Lymphatic filariasis (LF) afflicts over 60 million people worldwide and leads to severe pathological outcomes in chronic cases. The nematode parasites (Nematoda: Filarioidea) that cause LF require both arthropod (mosquito) intermediate hosts and mammalian definitive hosts for their propagation. The invasion and migration of filarial worms through host tissues are complex and critical to survival, yet little is known about the receptors and signaling pathways that mediate directed migration in these medically important species. In order to better understand the role of chemosensory signaling in filarial worm taxis, we employ comparative genomics, transcriptomics, reverse genetics, and chemical approaches to identify putative chemosensory receptor proteins and perturb chemotaxis phenotypes in filarial worms. We find that chemoreceptor family size is correlated with the presence of environmental (extrahost) stages in nematode life cycles, and that filarial worms contain compact and highly diverged chemoreceptor complements and lineage-specific ion channels that are predicted to operate downstream of chemoreceptor activation. In Brugia malayi, an etiological agent of LF, chemoreceptor expression patterns correspond to distinct parasite migration events across the life cycle. To interrogate the role of chemosensation in the migration of larval worms, arthropod and mammalian infectious stage Brugia parasites were incubated in nicotinamide, an agonist of the nematode transient receptor potential (TRP) channel OSM-9. Exposure of microfilariae to nicotinamide alters intramosquito migration, and exposure of L3s reduces chemotaxis toward host-associated cues in vitro. Nicotinamide also potently modulates thermosensory responses in L3s, suggesting a polymodal sensory role for Brugia osm-9. Reverse genetic studies implicate both Brugia osm-9 and the cyclic nucleotide–gated (CNG) channel subunit tax-4 in larval chemotaxis toward host serum, and these ion channel subunits partially rescue sensory defects in Caenorhabditis elegans osm-9 and tax-4 knock-out strains. Together, these data reveal genetic and functional diversification of chemosensory signaling proteins in filarial worms and encourage a more thorough investigation of clade- and parasite-specific facets of nematode sensory receptor biology.
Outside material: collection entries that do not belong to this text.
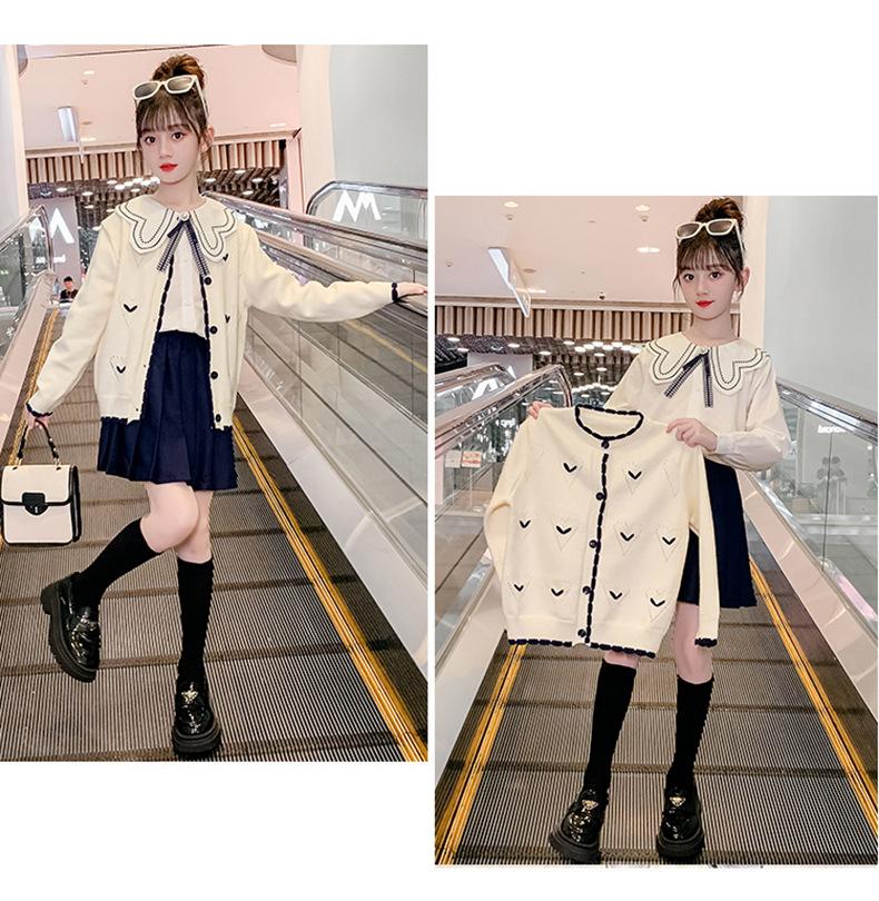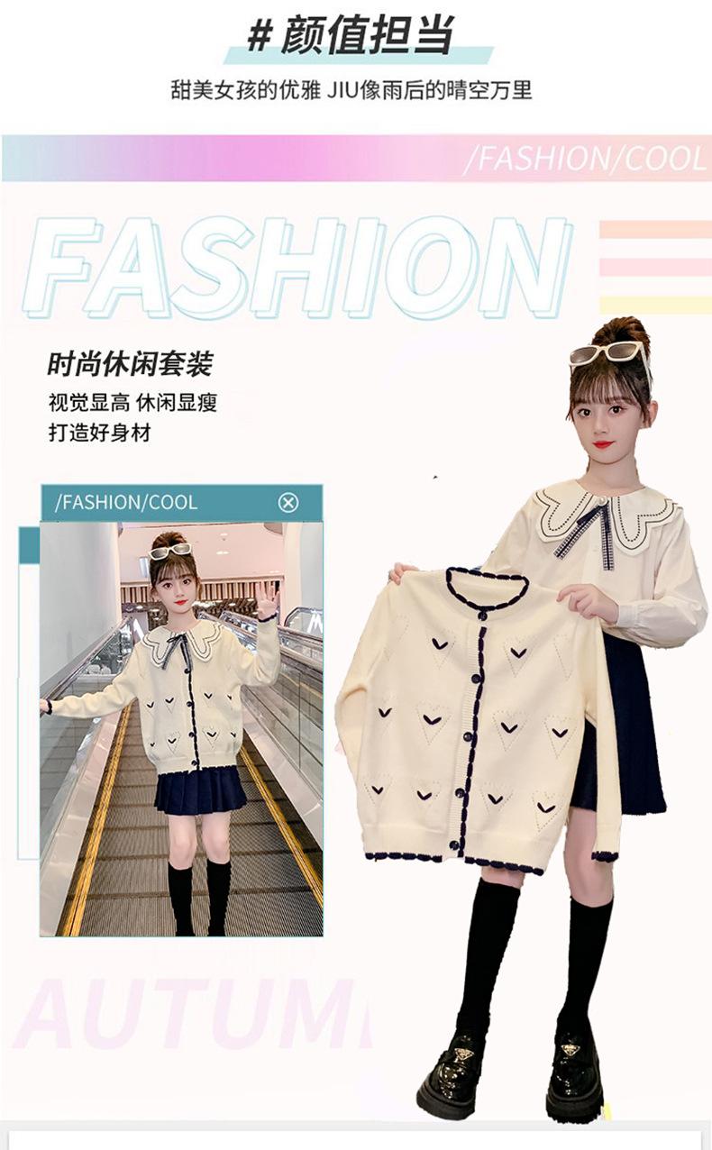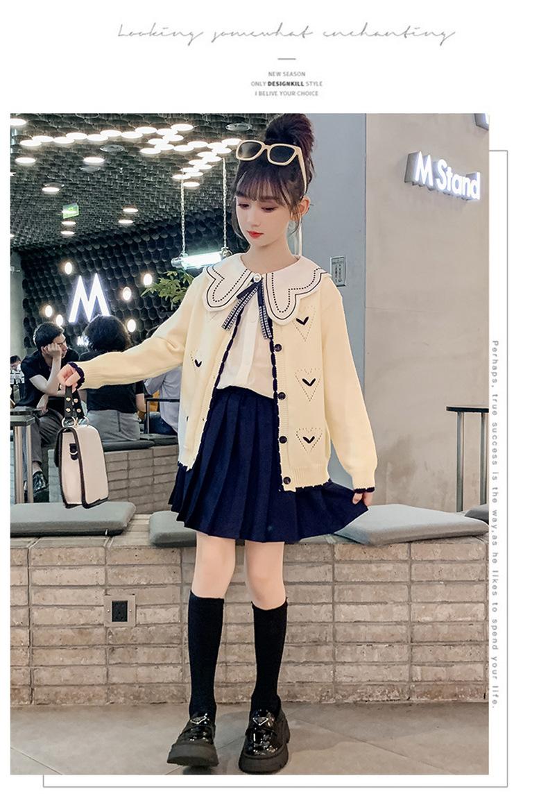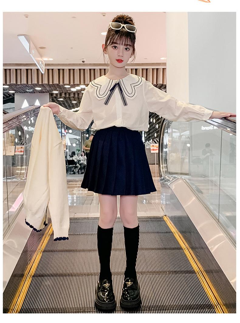 Shirt and skirt, Single cardigan, Sweater three-piece set
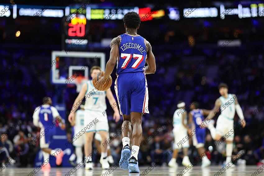 Oct 25, 2025; Philadelphia, Pennsylvania, USA; Philadelphia 76ers guard VJ Edgecombe (77) dribbles up court against the Charlotte Hornets during the fourth quarter at Xfinity Mobile Arena. Mandatory Credit: Bill Streicher-Imagn Images NBA: Charlotte Hornets at Philadelphia 76ers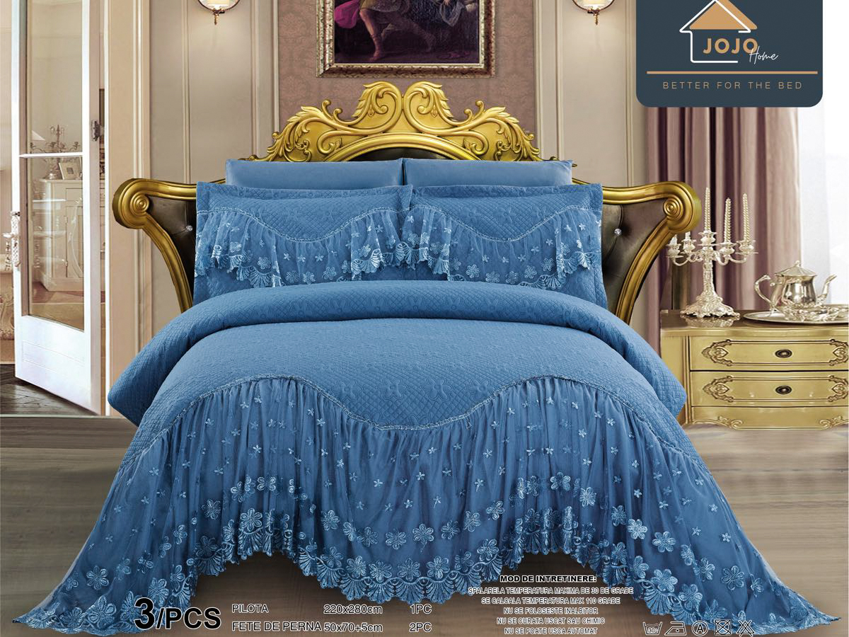 Cuvertura de lux, pentru pat 2 persoane, din bumbac tip finet, cu volanase din voal cu dantela brodata, pentru un plus de eleganta si rafinament. Cuverturile de pat sunt cele mai potrivite pentru anotimpul rece. Totodata, ele adauga mai multa caldura dormitorului tau. Cuvertura este matlasata ultrasonic. Setul vine ambalat in husa transparenta din plastic - poate fi folosita ca husa pentru depozitare sau ca ambalaj pentru a darui celor dragi aceasta minunata cuvertura. Avantajele cuve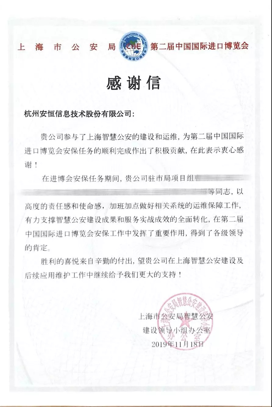 近日,我们收到这些感谢信,它们来自”中国国际进口博览局、中共上海市委网络安全和信息化委员会办公室、上海市公安局智慧公安建设领导小组办公室、浦东分局网络安全保卫支队、闵行区进博会网络安全工作组、国家会展中心(上海)、国网上海市电力公司信息通信公司......“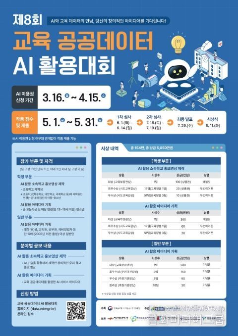 공모는 학생부문과 일반부문으로 나뉘어 진행되며 학생부문은 ▲초등학생 대상‘인공지능 활용 소속학교 홍보영상 제작’▲중·고등학생 대상 ‘인공지능 활용 아이디어 기획’, 일반부문은 대학(원)생·교직원·공무원 등 만 19세 이상 성인을 대상으로 한 ‘인공지능 활용 아이디어 기획’ 분야로 진행된다.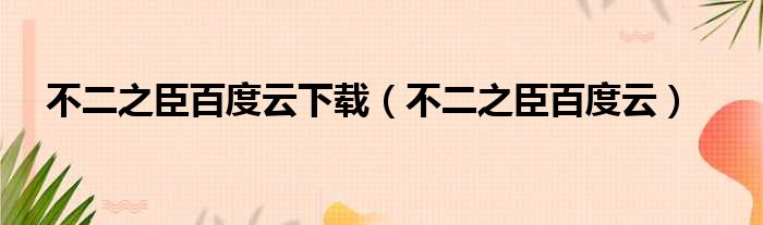 大家好,今天小六子来为大家解答以下的问题,关于不二之臣百度云下载,不二之臣百度云这个很多人还不知道,现在让我们一起来看看吧!

淋巴丝虫病（LF）折磨着全世界超过6000万人，在慢性病例中导致严重的病理结果。导致LF的线虫寄生虫（线虫：Filarioidea）既需要节肢动物（蚊子）中间宿主，又需要哺乳动物定殖宿主才能繁殖。丝虫通过宿主组织的侵袭和迁移是复杂且对生存至关重要的，但对于介导这些医学上重要物种的定向迁移的受体和信号传导途径知之甚少。为了更好地理解化学感觉信号在丝虫滑行中的作用，我们采用比较基因组学，转录组学，反向遗传学和化学方法来鉴定丝虫中假定的化学感觉受体蛋白和扰动趋化性表型。我们发现化学感受器家族的大小与线虫生命周期中环境阶段（宿主外）的存在有关，丝虫中含有紧凑且高度分散的化学感受器补体和谱系特异性离子通道，这些离子通道预计将在化学感受器激活的下游起作用。在LF的病原体布鲁吉亚·马来（Brugia malayi），化学感受器的表达模式与整个生命周期中不同的寄生虫迁移事件相对应。为了询问化学传感在幼虫蠕虫迁移中的作用，将节肢动物和哺乳动物感染期的布鲁吉亚寄生虫在烟酰胺中孵育，该烟酰胺是线虫瞬时受体电位（TRP）通道OSM-9的激动剂。微丝虫暴露于烟酰胺会改变蚊内的迁移，而L3的暴露会降低体外对宿主相关线索的趋化性。烟酰胺还可以有效调节L3s中的热感觉反应，表明Brugia osm-9具有多峰感觉功能。反向遗传学研究表明布鲁加氏菌osm-9以及幼虫对宿主血清的趋化性中的环状核苷酸门控（CNG）通道亚基tax-4，这些离子通道亚基可部分挽救秀丽隐杆线虫osm-9和tax-4敲除菌株中的感觉缺陷。总之，这些数据揭示了丝虫中化学感觉信号蛋白的遗传和功能多样性，并鼓励对线虫感觉受体生物学的进化枝和寄生虫特异性方面进行更彻底的研究。